%x7FvutR8Fz/ixdASmykddpiXd/+6btLtFrajva4+abU=.sha256

@Soapy mcSoap3 years ago %x7FvutR8Fz/ixdASmykddpiXd/+6btLtFrajva4+abU=.sha256

At work we have a Postgres database that is used just to speed up some queries. That database holds image information, basically file paths, checksums, dates, and exif data in a jsonb field. Contrary to normalization and DBA standards everywhere, our database is not the authority over such data, the image files are the authority and hold the ultimate truth about our collection.

We have a cronjob that checks our gazillion images for checksum changes and update database records if needed. We seldom update image files, the usual update is just when we add them to a collection. Collections are just new keywords added to exif data. They conform to a pattern which is Collection <Name of the Collection>. So a file might have exif data such as Keywords: ["Watercolor", "Temple", "Collection Temple Art"].

If this was a user facing service, this architecture would not scale but this is just for internal usage. What we trade in terms of scalability, we gain in maintainability. Most of our people are not developers, they're print media experts and volunteers. It is easy for them to fill data using something like Adobe Bridge or one of our custom desktop tools.

If you stop to reason about it, you'll notice that the most important thing is the actual image file. We have multiple backups, including off-site backups of those files. By keeping all data embedded in the image files themselves, we're making them future proof and fail proof against going out of sync with the metadata. As long as you have access to the image files, rebuilding the whole cache database takes just some minutes.

Today, I had the need to create a little popup button to allow the user to select a collection for a query. If this was a normalised system, the answer would be quite obvious and easy. In the end, I used a combination of a Postgres fancy query with some LiveCode scripting.

The hard part is the query. We're extracting all the keywords from all images and grouping them by keyword. This query is used elsewhere to rank the most popular keywords. It goes like:

select 
  keyword, 
  count(distinct (image_id, keyword)) 
from 
  image, 
  jsonb_array_elements(case jsonb_typeof(metadata->'Keywords') when 'array' then metadata->'Keywords' else '[]' end) keyword 
group by 
  keyword 
order by 
  count desc;

Kinda tricky query because some images don't actually have a Keywords metadata, in which case we need to make sure it is treated like empty array. As you can see that will get all the keywords, and collections are just a specialisation of keywords.

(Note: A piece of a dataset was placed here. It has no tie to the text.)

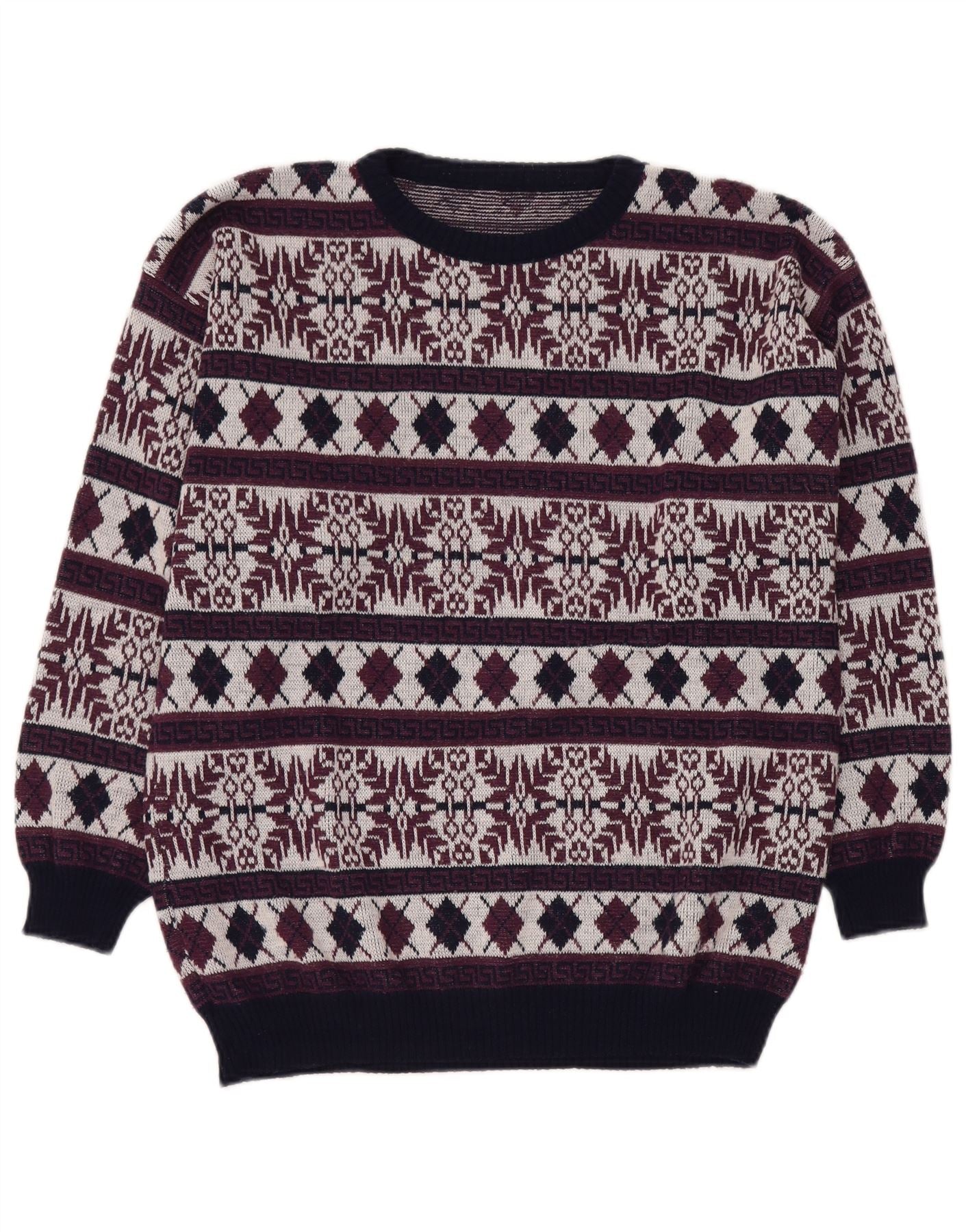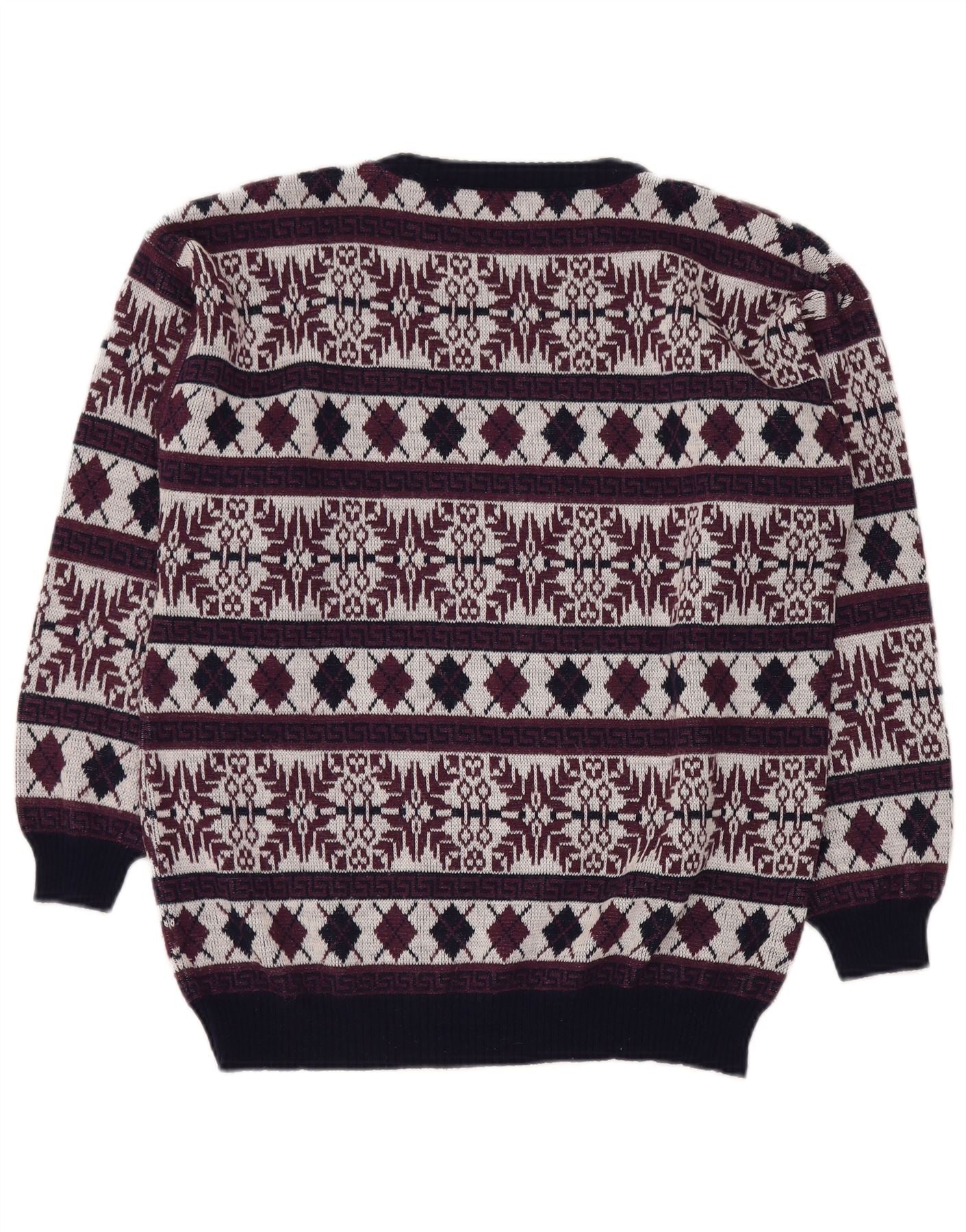 VINTAGE Pull ras du cou pour homme UK 40 Medium Burgundy Fair Isle
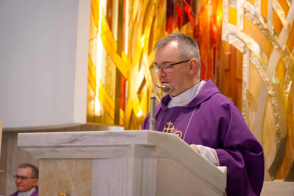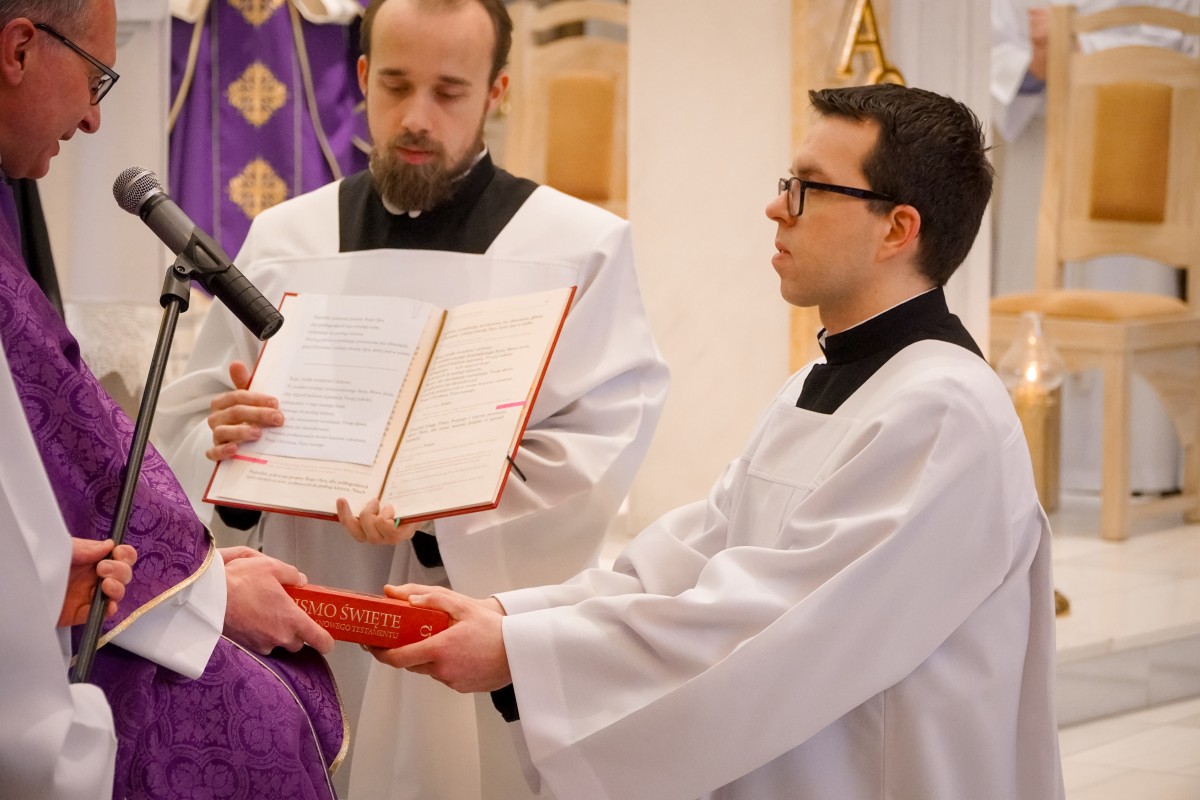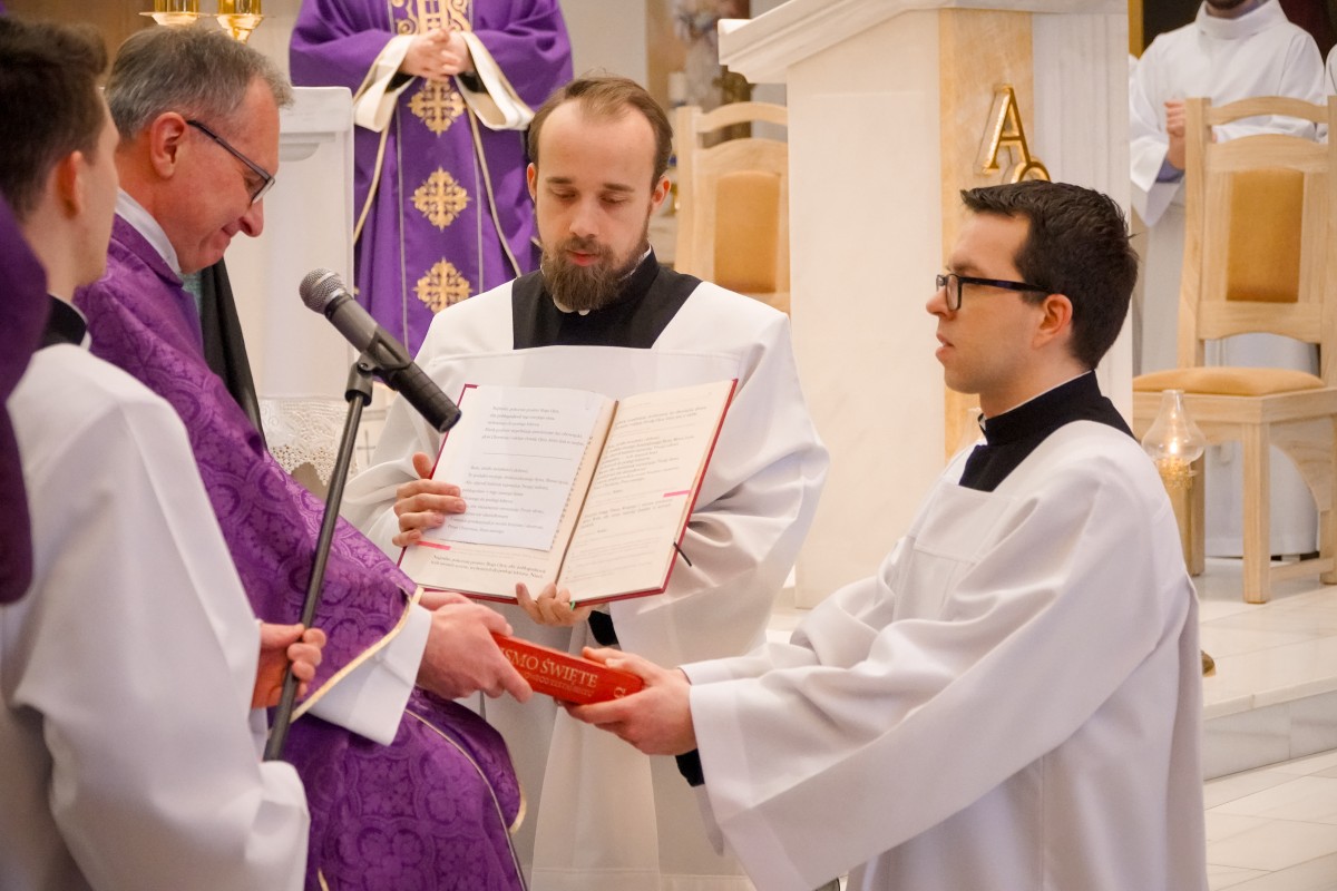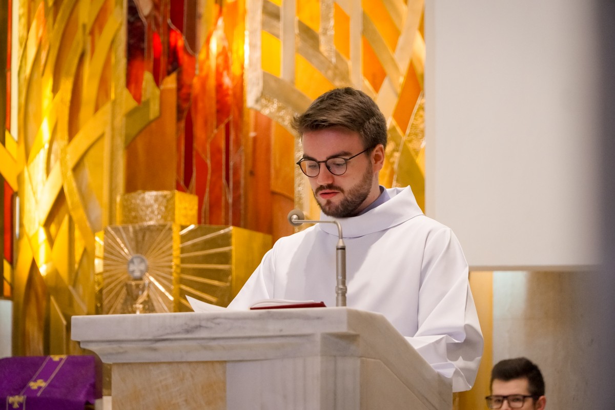 O. Prowincjał podczas kazania podkreślił, że Wielki Post to czas, by za św. Pawłem wziąć udział w trudach i przeciwnościach. Takie trudny dnia mamy na co dzień, by znosić je każdego dnia, a dodatkowo znosić je dla Ewangelii, by budować nasze relacje małżeńskie, rodzicielskie, pomiędzy pokoleniami. – Trzeba podjąć wysiłek, by wejść na górę Tabor – podjąć wyrzeczenia na czas Wielkiego Postu – postanowienia, zadośćuczynienia – mówił o. Mateusz. – Podczas spotkania z Mojżeszem i Eliaszem – o których usłyszeliśmy podczas Ewangelii – Jezus przygotowuje się, by zostać sam na krzyżu – weźmie udział w trudach i przeciwnościach, by służyć innym – dodaje o. Prowincjał. – Bóg nas wybawił i wezwał stosownie do naszego powołania. Tak jak dzisiaj wezwał kl. Dominika i kl. Jarosława. Z łaską Bożą otrzymują łaskę głoszenia Słowa Bożego, czytania, formowania, która dana jest w sakramentach.

My objective with the code below is to extract the collections from that query result and turn it into a line-delimited list of collection names. This is the code in LiveCode that does that:

dbSetSQL tSQL
put dbGet() into tResultsA

repeat for each key k in tResultsA
    if tResultsA[k]["keyword"] begins with "Collection" then
        put tResultsA[k]["keyword"] & cr after tCollections
    end if
end repeat

replace quote with empty in tCollections
replace "Collection " with empty in tCollections
delete char -1 of tCollections
sort tCollections
return tCollections

Programming doesn't need to be obfuscated. Many people here who have never programmed in HyperCard or LiveCode can probably understand what that code is doing.